Our Timbers Should Shiver

The Somali pirate drama is one of those small, but potentially telling, incidents that happen from time to time. The pirates attacked a ship flying an American flag and took its captain hostage. Days have now passed, the captain remains a captive, and the pirates continue to thumb their noses at our government.

I am a subscriber to the “broken windows” theory described at some length in The Tipping Point by Malcolm Gladwell. That theory posits that people who live in a neighborhood that features little signs of unaddressed lawlessness — like broken windows, graffiti, and other petty crime — can lose hope and conclude that there is no law. Events then can spiral downward and out of control as people perceive that there is no order or authority. I think the same concept applies to international law. An attack by pirates may be a small matter — indeed, the concept of modern-day pirates seems ludicrous — but it is one of those signs of lawlessness that could promote more reckless illegal behavior by other renegade actors on the international stage.

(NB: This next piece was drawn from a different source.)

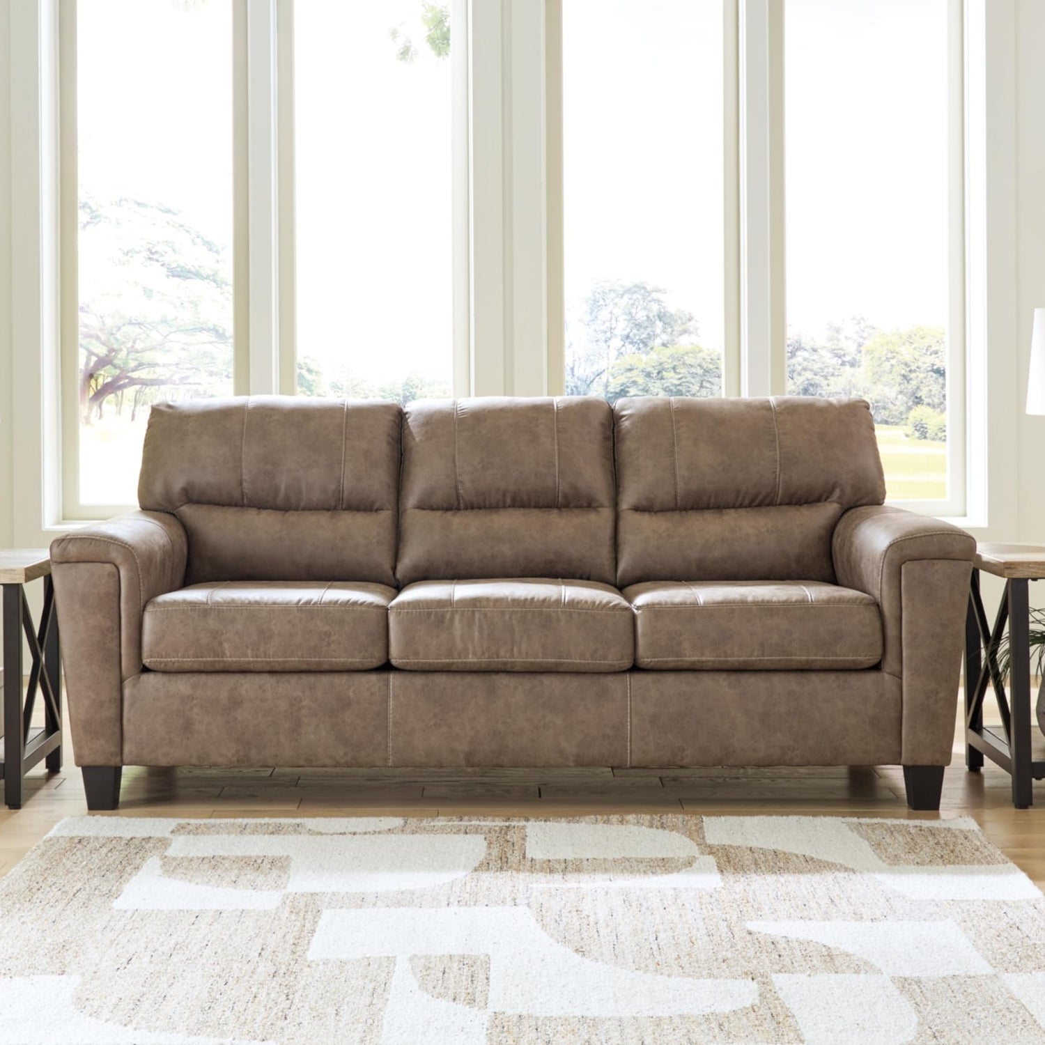 Details: This decidedly modern sofa sleeper proves less is more, bringing simply inviting style to your living room. Take the guesswork out of decorating—its warm faux leather has a universal appeal, pairing with casual and contemporary aesthetics alike. And when friends and family drop by, it converts to a convenient sleeper. All you or your guests need to do is sit back, relax and enjoy the comforts of home. Signature Design by Ashley is a registered trademark of Ashley Furniture Industries, Inc.
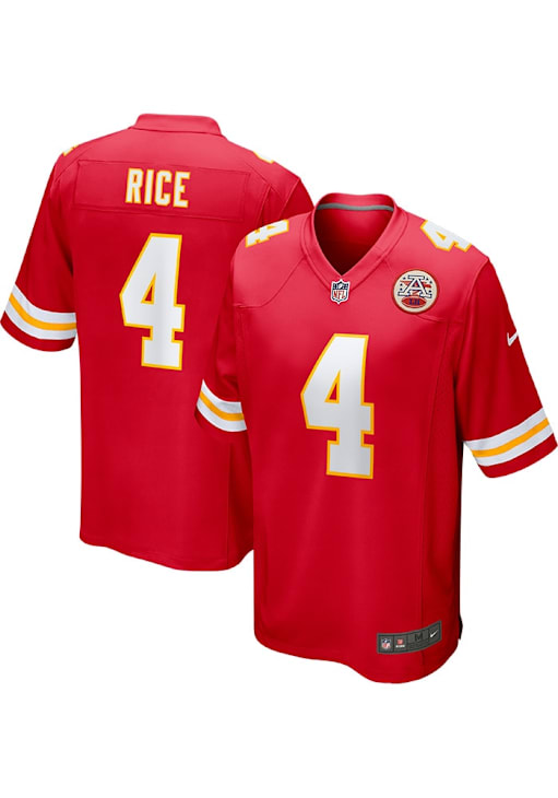 Get a piece of the KC Chiefs Chiefs action with this Kansas City Chiefs Red Rashee Rice Game Football Jersey. You'll look like one of the team as you wear this Jersey to support your Chiefs. With a Screen printed player and team graphics on front, breathable poly construction, jock tag in lower left hand corner, player name and number graphics on back, this Football Jersey makes a great addition to any Chiefs fan's closet.

Unfortunately, many civilized governments don’t seem to have the stomach to deal with the Somali pirates. Instead, they seem to hope that the pirates, or the terrorists, will realize that we mean them no harm and just go away. Our country, on the other hand, seems to have the will but is so bound up by concerns about legality and the perceptions of the international community that we shy away from taking unilateral action. In the meantime, outright piracy goes unpunished — and the number of broken windows in the neighborhood grows.

I think it is time for us to realize that our failure to act in these situations is sending a strong, but negative, message. It can only encourage other “bad actors” to commit acts that risk the mere disapproval of the civilized world, but no other consequences. If inaction continues, and piracy, kidnapping, and other guerilla tactics proliferate, the impact on things like international trade, democratic institutions, and global progress will be devastating. What is the point of being an economic and military giant if we cannot crush pirates who flout international law, and thereby send a message that such intolerable lawlessness will be dealt with swiftly, and with finality?